Skip pictures in the listing below; copy exactly the lines from the one with "Tableau Plante abstraite" through the one with "トコジラミ ホテル」のサジェスト表示を回避しなければならない理由。", inclusive.

● **EXTRACTED INFORMATION**:
*** Block opens ***

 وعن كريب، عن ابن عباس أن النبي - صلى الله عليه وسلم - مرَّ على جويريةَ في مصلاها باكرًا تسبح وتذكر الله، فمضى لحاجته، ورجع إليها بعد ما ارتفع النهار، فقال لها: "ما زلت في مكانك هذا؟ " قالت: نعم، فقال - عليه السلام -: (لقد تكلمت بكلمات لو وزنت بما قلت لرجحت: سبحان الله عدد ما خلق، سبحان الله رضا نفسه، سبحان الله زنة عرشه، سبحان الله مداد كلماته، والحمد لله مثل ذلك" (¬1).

*** Block closes ***
*** Block opens ***

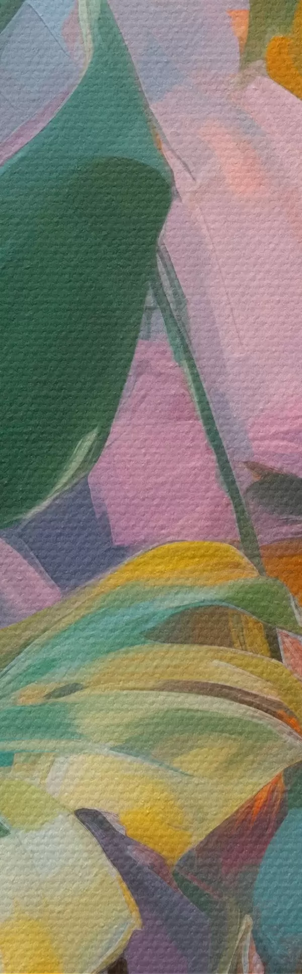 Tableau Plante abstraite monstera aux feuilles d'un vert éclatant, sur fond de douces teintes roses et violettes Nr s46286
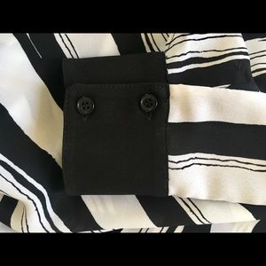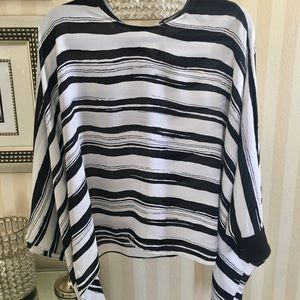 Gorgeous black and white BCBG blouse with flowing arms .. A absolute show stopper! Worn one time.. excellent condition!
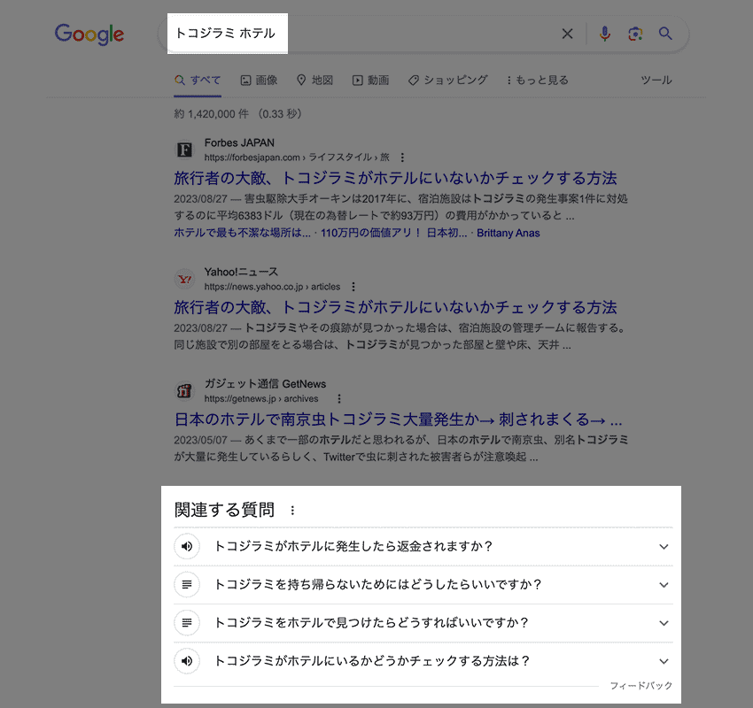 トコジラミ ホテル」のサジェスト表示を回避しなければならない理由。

*** Block closes ***

● **OUTPUT**:
 Tableau Plante abstraite monstera aux feuilles d'un vert éclatant, sur fond de douces teintes roses et violettes Nr s46286
 Gorgeous black and white BCBG blouse with flowing arms .. A absolute show stopper! Worn one time.. excellent condition!
 トコジラミ ホテル」のサジェスト表示を回避しなければならない理由。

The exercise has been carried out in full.